As Kukuk, Johnson, and Pence were leaving the apartment, Pence punched
Mathur in the eye and Johnson took an X-Box console from the living room.
While Pence, Kukuk, and Johnson were upstairs, Patterson remained positioned
just inside the front door in the living room. Patterson stated in an interview with police
officers that "[Johnson] was just cracking people. . . . He was just so on fire, like he was
so mad," and that he heard screaming coming from upstairs, someone yelling, "I'm sorry"
and "I don't have any weed." Patterson told police that when he heard the screaming, he
thought, "This is not ideal," and that the people "shouldn't be screaming that bad."
Patterson said that one of the men who lived in the apartment came downstairs, saw him
standing by the door, and then went into the living room: "He didn't see [my face] or
anything. . . . I made sure nobody could." At that point, Patterson went outside the
apartment to wait for the others.
From outside, Patterson saw Pence throw a cellphone from an upstairs window or
balcony, and it was at that time Patterson decided to leave. Patterson said to police,
"After it got really bad . . . I was the first person to leave." Patterson stated that he was
afraid someone would get "split open." Patterson said he was sorry "as soon as [he] heard
screaming." Patterson told police that he decided to leave because it got too violent, "I
just felt like that wasn't what I pictured it was gonna go down like in my mind."

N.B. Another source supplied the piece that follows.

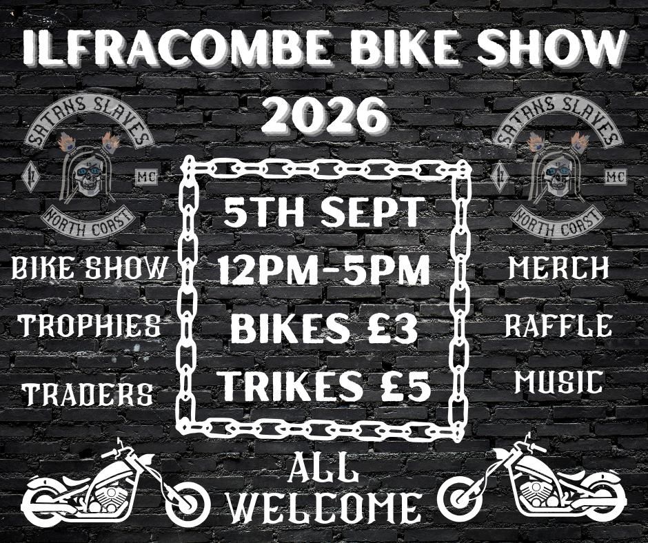 This popular event staged along the Seafront for a number of years is run by Satans Slaves MC North Devon. Motorcyclists travel from near and far, some local, some from as far as Coventry. This event is open to all riders and also open to the general public.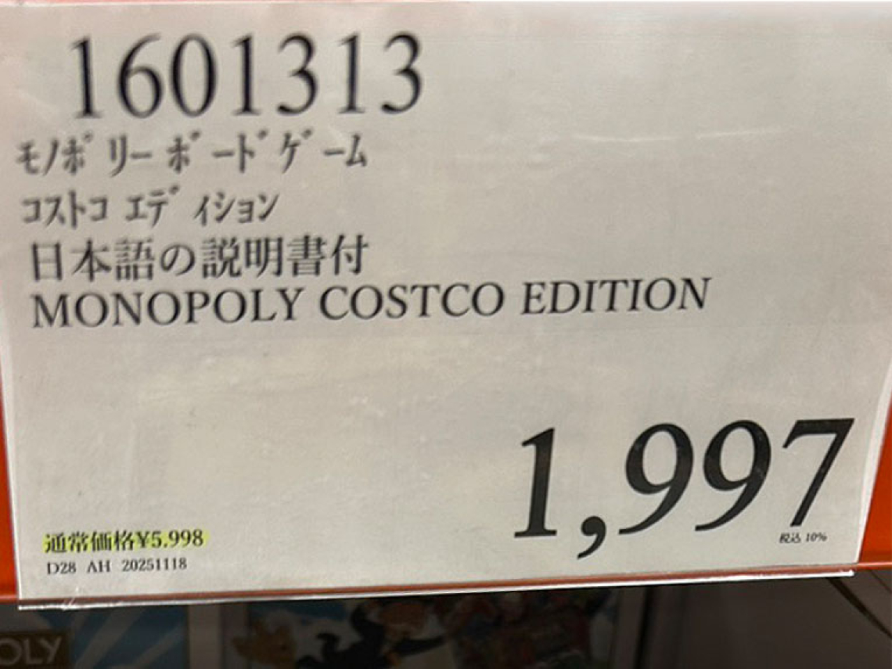 モノポリーコストコエディションが格安通常価格 6388円が1997円になってました。 #割引 #沖縄南城 投稿者:(名無し)さん id:iFwmVHo9cZLo2025/12/11(木) 12:04 登録 ★ 4 1 報告 コメント 投稿者の表示 [1] 2025/12/11(木) 12:51 (名無し)さん id:igqqSAblRHX6 [1](名無し)さんの写真 返信 報告

Patterson ran back to Kukuk's house, and the other four men arrived 1 or 2 minutes
after him. Kindell had the safe and Johnson had the X-Box console and the gun. Patterson
told police that when the other men returned, they were "pumped up" on adrenaline and
gave him the safe to open. The men talked about what had just transpired, and one of the
details revealed was that Johnson had "pistol whipped" someone.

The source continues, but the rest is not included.